False New Data Detection
# Check latest data in database
sqlite3 water_monitoring.db "SELECT MAX(timestamp) FROM water_measurements;"
# Verify timestamp parsing
python -c "
import datetime
print('Current hour:', datetime.datetime.now().replace(minute=0, second=0, microsecond=0))
"
📈 Monitoring and Alerts
Key Metrics to Monitor
- Hourly Success Rate: Percentage of hourly checks that find new data
- Retry Duration: How long system stays in retry mode
- Data Freshness: Time since last successful data update
- API Response Time: Performance of data fetching operations
Alert Conditions
- Extended Retry Mode: System in retry mode for > 30 minutes
- No Data for 2+ Hours: No new data found for extended period
- High Error Rate: Multiple consecutive API failures
- Database Issues: Connection or save failures
Health Check Script
#!/bin/bash
# Check if system is stuck in retry mode
RETRY_COUNT=$(tail -n 100 water_monitor.log | grep -c "RETRY CHECK")

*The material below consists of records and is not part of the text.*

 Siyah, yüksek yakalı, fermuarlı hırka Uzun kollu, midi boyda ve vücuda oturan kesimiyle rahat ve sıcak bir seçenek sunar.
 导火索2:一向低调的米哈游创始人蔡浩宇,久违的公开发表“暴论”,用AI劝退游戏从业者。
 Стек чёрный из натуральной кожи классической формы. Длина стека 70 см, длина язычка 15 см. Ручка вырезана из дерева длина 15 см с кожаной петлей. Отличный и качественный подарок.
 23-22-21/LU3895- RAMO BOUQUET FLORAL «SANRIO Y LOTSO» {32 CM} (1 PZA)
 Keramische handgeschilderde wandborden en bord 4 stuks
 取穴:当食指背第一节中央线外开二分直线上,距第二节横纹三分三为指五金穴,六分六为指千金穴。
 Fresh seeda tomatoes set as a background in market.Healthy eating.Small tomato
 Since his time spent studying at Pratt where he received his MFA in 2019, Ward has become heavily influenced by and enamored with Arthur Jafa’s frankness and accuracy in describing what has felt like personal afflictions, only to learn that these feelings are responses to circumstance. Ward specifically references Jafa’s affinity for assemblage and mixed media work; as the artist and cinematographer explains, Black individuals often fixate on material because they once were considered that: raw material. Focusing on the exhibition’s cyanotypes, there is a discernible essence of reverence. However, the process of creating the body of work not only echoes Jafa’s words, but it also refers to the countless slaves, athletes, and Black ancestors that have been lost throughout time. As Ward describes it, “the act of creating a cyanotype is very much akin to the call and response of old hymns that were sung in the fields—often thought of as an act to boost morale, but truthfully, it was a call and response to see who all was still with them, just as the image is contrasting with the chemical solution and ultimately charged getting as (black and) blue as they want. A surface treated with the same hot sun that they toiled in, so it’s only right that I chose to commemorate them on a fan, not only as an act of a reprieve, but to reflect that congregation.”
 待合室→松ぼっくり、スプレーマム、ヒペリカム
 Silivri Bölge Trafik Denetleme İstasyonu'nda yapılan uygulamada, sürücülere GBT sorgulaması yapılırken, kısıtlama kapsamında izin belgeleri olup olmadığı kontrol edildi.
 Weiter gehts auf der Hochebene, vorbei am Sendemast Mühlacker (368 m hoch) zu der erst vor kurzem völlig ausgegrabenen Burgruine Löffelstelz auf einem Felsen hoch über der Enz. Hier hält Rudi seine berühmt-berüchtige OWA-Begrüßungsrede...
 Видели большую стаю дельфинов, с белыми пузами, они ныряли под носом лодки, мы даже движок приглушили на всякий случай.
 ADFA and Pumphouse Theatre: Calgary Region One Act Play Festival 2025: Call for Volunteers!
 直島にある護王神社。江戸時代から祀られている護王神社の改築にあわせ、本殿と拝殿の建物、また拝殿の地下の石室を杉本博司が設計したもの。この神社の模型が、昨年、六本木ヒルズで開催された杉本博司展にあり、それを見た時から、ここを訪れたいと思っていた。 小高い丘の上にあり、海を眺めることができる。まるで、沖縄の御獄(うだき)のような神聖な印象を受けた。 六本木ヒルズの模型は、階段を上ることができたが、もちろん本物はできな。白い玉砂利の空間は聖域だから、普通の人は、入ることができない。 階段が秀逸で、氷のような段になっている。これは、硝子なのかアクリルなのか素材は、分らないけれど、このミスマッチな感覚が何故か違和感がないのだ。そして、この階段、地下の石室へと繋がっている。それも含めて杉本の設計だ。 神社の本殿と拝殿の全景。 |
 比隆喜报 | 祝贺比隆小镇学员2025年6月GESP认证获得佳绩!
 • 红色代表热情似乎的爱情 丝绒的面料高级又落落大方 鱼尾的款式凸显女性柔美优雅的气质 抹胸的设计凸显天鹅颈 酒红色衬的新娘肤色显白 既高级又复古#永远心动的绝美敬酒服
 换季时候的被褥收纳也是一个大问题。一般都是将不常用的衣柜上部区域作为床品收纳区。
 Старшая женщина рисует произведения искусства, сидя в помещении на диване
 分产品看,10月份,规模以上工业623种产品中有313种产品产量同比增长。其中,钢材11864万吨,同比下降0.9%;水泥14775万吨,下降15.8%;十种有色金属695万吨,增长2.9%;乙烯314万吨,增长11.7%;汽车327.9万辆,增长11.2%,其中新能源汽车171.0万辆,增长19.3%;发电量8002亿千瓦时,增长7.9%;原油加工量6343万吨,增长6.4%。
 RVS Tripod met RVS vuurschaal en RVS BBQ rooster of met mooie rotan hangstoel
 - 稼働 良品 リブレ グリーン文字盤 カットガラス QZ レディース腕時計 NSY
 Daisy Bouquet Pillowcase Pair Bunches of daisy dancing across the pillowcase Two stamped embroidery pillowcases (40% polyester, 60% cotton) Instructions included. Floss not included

if [ $RETRY_COUNT -gt 6 ]; then
echo "WARNING: System may be stuck in retry mode ($RETRY_COUNT retries in last 100 log entries)"
fi
# Check data freshness
LATEST_DATA=$(sqlite3 water_monitoring.db "SELECT MAX(timestamp) FROM water_measurements;")
echo "Latest data timestamp: $LATEST_DATA"
🎯 Best Practices
Production Deployment
- Monitor Logs: Watch for retry mode patterns
- Set Alerts: Configure notifications for extended retry periods
- Regular Maintenance: Weekly gap filling and data validation
- Backup Strategy: Regular database backups before major operations
Performance Tuning
- Adjust Buffer Time: Modify data availability buffer based on API patterns
- Optimize Retry Interval: Balance between responsiveness and API load
- Database Indexing: Ensure proper indexes for timestamp queries
- Connection Pooling: Configure appropriate database connection limits
This enhanced scheduler ensures reliable, efficient, and intelligent water level monitoring with automatic adaptation to data availability patterns.